LANGSTON HUGHES: A JOURNEY THROUGH SUNSHINE-RICH TURKMENISTAN

photo

The capital of Turkmenistan is today celebrating its 140th anniversary, and at the other end of the world the U.S. city of Albuquerque is marking Ashgabat Sister City Day.

Among the numerous visitors who have ever come to our sun-drenched country, American citizen, poet and writer Langston Hughes does deserve a mention. In 1932, the innovator of the then-new literary art form called jazz poetry crossed the ocean and later, from October to December traveled through Central Asia.

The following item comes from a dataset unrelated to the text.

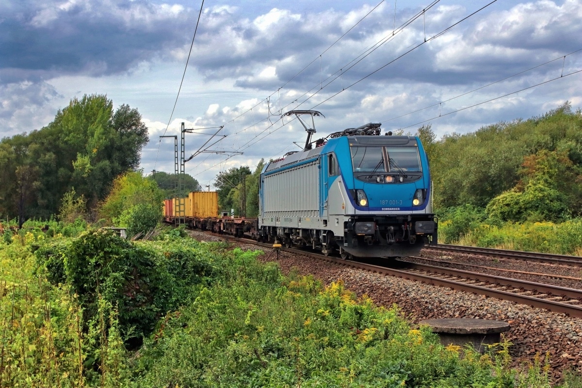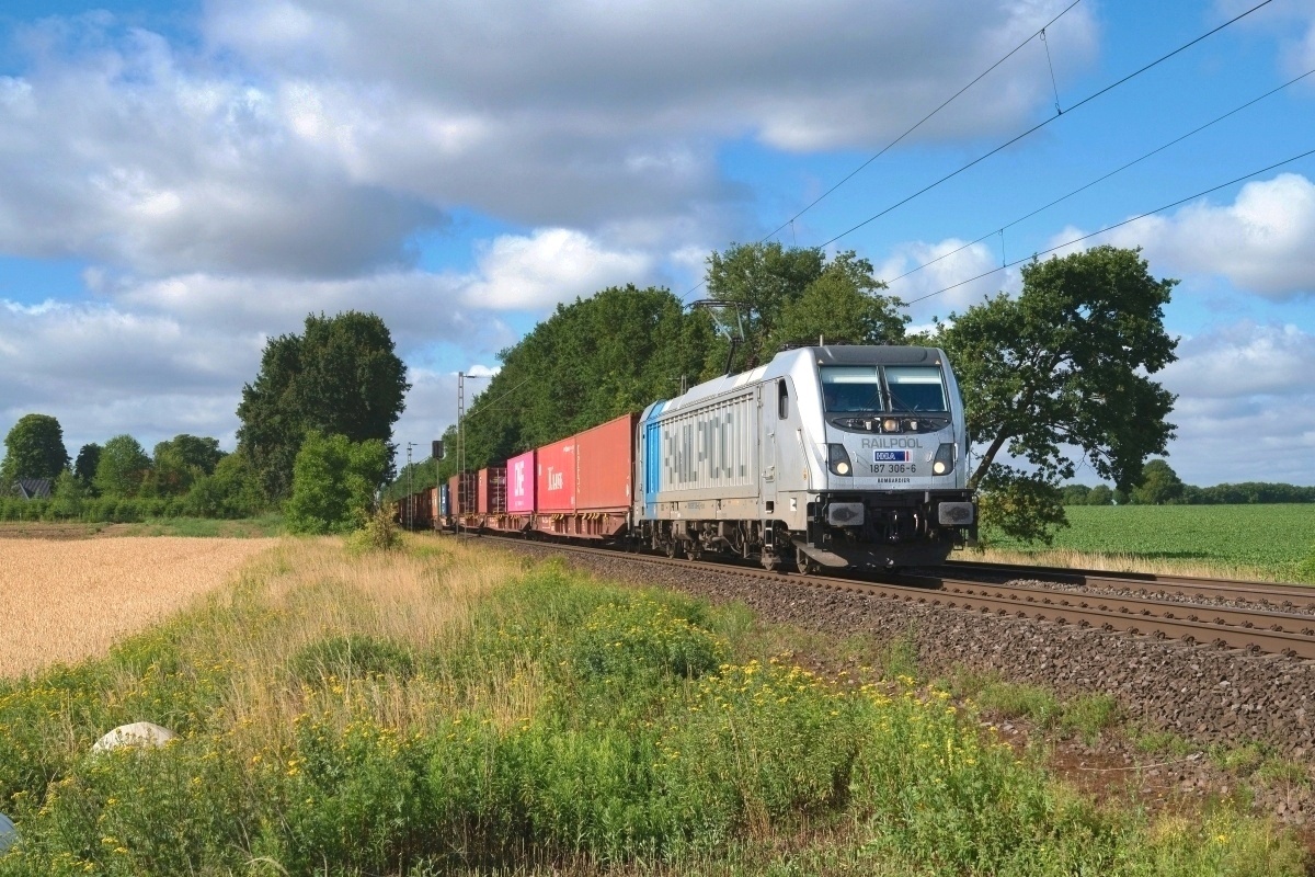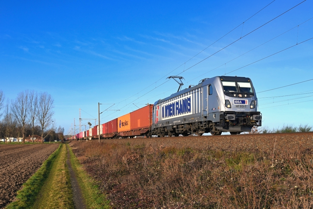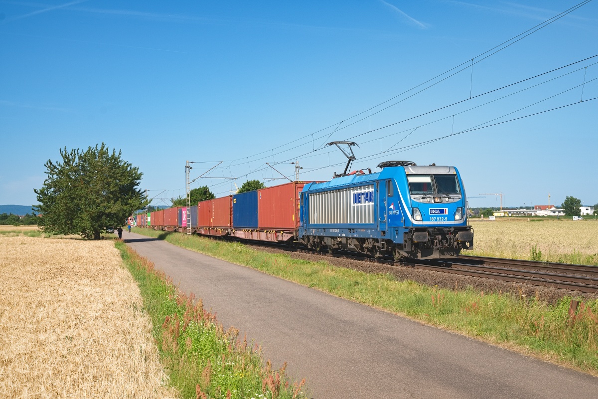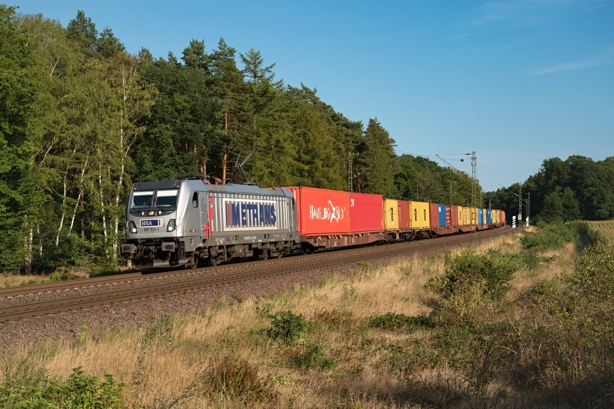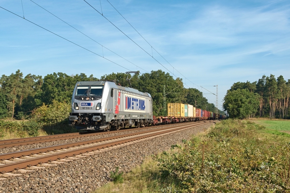 Dto. 187 511-1 am 23.08.2022 bei Linsburg (HLBU) mit einem Containerzug Rtg.

Hughes visited the cities of Tashkent, Bukhara, Samarkand, and Ashgabat. Upon arrival in the capital of Turkmenistan by train, he abandoned the touring group bound for the city of Turkmenbashi (formerly Krasnovodsk) and found himself standing on the Ashgabat railway platform all alone.

Langston Hughes could speak neither Turkmen nor Russian. Communicating to a station worker through body language and hand gestures, he made himself understood that he needed an interpreter. An editor of one of the Ashgabat-based newspapers came to the rescue and greeted the foreigner in French, “Bonjour, comrade!” The traveler was provided with hotel accommodation and now had an assistant.

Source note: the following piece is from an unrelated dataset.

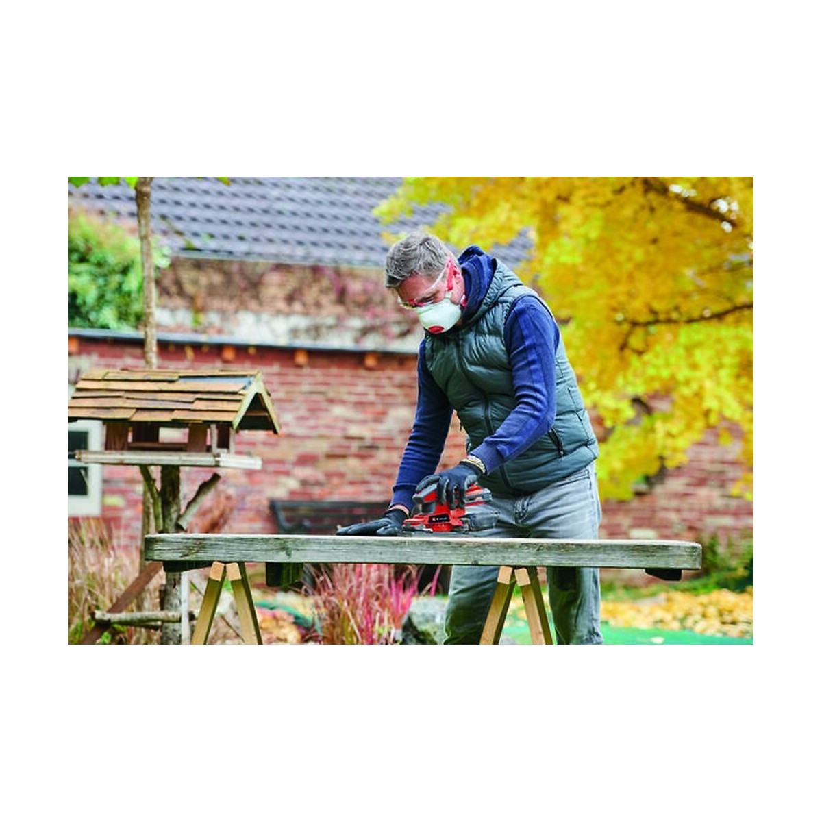La ponceuse vibrante sans fil TC-OS 18/187 Li Solo Einhell est un outil léger et maniable de la gamme Power X-Change, et bénéficie de tous les avantages de cette famille de produits flexibles et combinables à l’infini. Cette ponceuse vibrante sans fil est parfaitement adaptée au ponçage de surfaces planes, pièces de grande dimension, revêtements ou panneaux. L'outil est vendu sans batterie ni chargeur (disponibles séparément). Les + du produit Fait partie de la gamme Power X-Change Ponceuse vibrante légère et maniable Outil parfaitement adapté au ponçage de surfaces planes Changement du papier abrasif facile et rapide grâce à la fixation auto-agrippante (micro-hook and loop) Convient également aux papiers abrasifs sans fixation auto-agrippante Grandes surfaces de préhension en revêtement souple Softgrip pour une manipulation confortable Le sac à poussières collecte la poussière résultant du ponçage. Permet le raccordement d’un système d’aspiration externe Avec une feuille de papier abrasif pour une utilisation immédiate Outil vendu sans batterie ni chargeur (disponibles séparément) Caractéristiques techniques Vitesse d'oscillation : 24000 min^-1 Circuit oscillant : 2 mm Zone de ponçage : 187 x 90 mm Taille du papier à poncer (accroche à pince) : 237 mm x 94 mm Taille du papier à poncer (accroche Hook and loop) : 187 mm x 94 mmSpécifications techniques
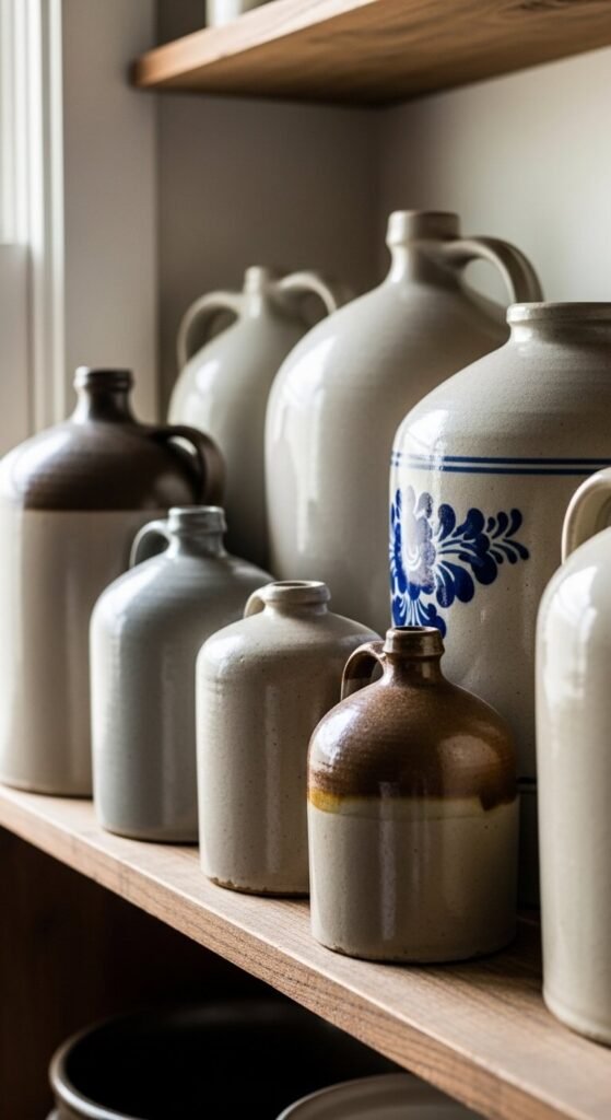 Old pottery crocks have a heaviness and simplicity that modern ceramics rarely achieve. Use them in the kitchen as utensil holders, bread storage, or purely as display pieces. Antique stoneware with hand-painted cobalt designs is especially striking. Thrift stores and antique malls often stock these for $5–$25. They work beautifully on open shelving, kitchen counters, or farmhouse sideboards. A single large crock can anchor an entire shelf arrangement on its own.

The writer described his adventures in a book entitled ‘A Negro Looks at Soviet Central Asia’ originally published in 1934. Later, the book was republished and is better known under the title ‘I Wonder as I Wander’.

Impressed by Ashgabat and the vast expanses of the Karakum Desert, Langston Hughes wrote a poem.

Anybody 

Better 

Than nobody.

In the barren dusk 

Even the snake 

That spirals 

Terror on the sand – 

Better than nobody 

In the lonely 

Land. 

 The writer continued his travels through Turkmenistan in Merv (Mary). Here are excerpts from his book:

“In the autumn, if you step off the train almost anywhere in the fertile parts of Central Asia, you step into a cotton field or into a city or town whose streets are filled with evidences of cotton nearby.

On all the dusty roads, camels, carts and trucks loaded with the soft fiber go towards the gins and warehouses. Outside the towns, oft-times as far as the eye can see, the white balls lift their precious heads.

The same thing is true of the southern part of the United States. In Georgia and Mississippi and Alabama, you ride for hundreds of miles through fields of cotton bursting white in the sun. Except that on our roads there are no camels. Mules and wagons bear the burdens.” 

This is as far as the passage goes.